さらに、転職市場への影響も深刻です。ITスキルを持つ若手が増えれば、中高年は彼らと仕事を奪い合うことになります。AIの発達も凄まじい現代、ホワイトカラーの転職は年々難易度を増し、「ITスキルはあって当然」の流れになっていくでしょう。

2.住宅ローンの「支払い増」が現実になる年

2つ目は、住宅ローンの返済額改定です。日本でマイナス金利が解除されたのは、2024年3月のこと。それ以降、政策金利の上昇はすでに4回行われており、合わせて0.85%の上昇となっています(図表参照)。この政策金利は、日銀の政策決定会合で決まり、変動金利型ローンの目安となります。

出所:筆者作成 [図表]日本の政策金利推移(マイナス金利解除後) 出所:筆者作成

2024年3月から金利の上昇が始まっているため、その5年後、つまり「2029年春以降」に猶予期間が終了し、毎月の返済額が実際にアップする時期を迎えるのです。変動金利型住宅ローンの利用者は全体の7割を超えていますから、影響は大きいでしょう。

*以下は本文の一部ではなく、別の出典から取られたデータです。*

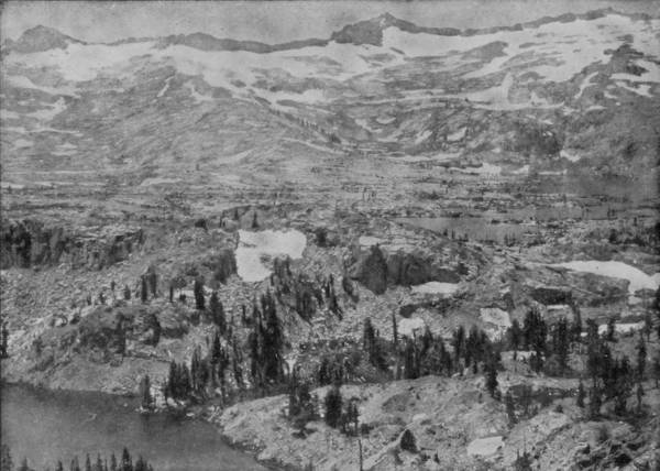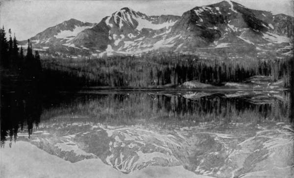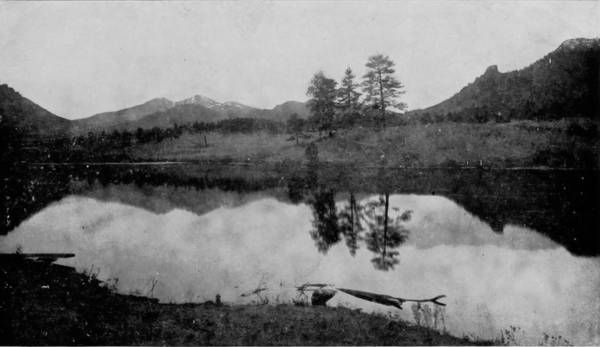 As they descended on the northeastern side, suddenly their sight was arrested by a lake slumbering in a little basin that had been scooped out of the granite sides of the mountain. It is almost immediately under the vertical cliffs, and so clear that the observer seems to look through it, as he would through a looking-glass, upon great walls which appear below, but are in reality reflections of the precipice examined when making the ascent. Lily Mountain was in bold outline on the right, where reposed another lake of somewhat greater size, whose water appeared to feed a stream that ran gamboling down a deep gorge into the plain which it nourished.

筆者はこれらを合わせて「2つの2029年問題」と呼んでいます。年功序列で「5年待てば給料が勝手に上がる」という時代は終わりました。5年ルールの猶予期間は、あくまで“返済額アップに備えるための準備期間”です。

・返済額はいくらになるか。

・定年退職時のローン残高がどれだけ増えるか。

ローン完済を目指すためにも、この2点はシミュレーションでいまのうちに確認しておきましょう。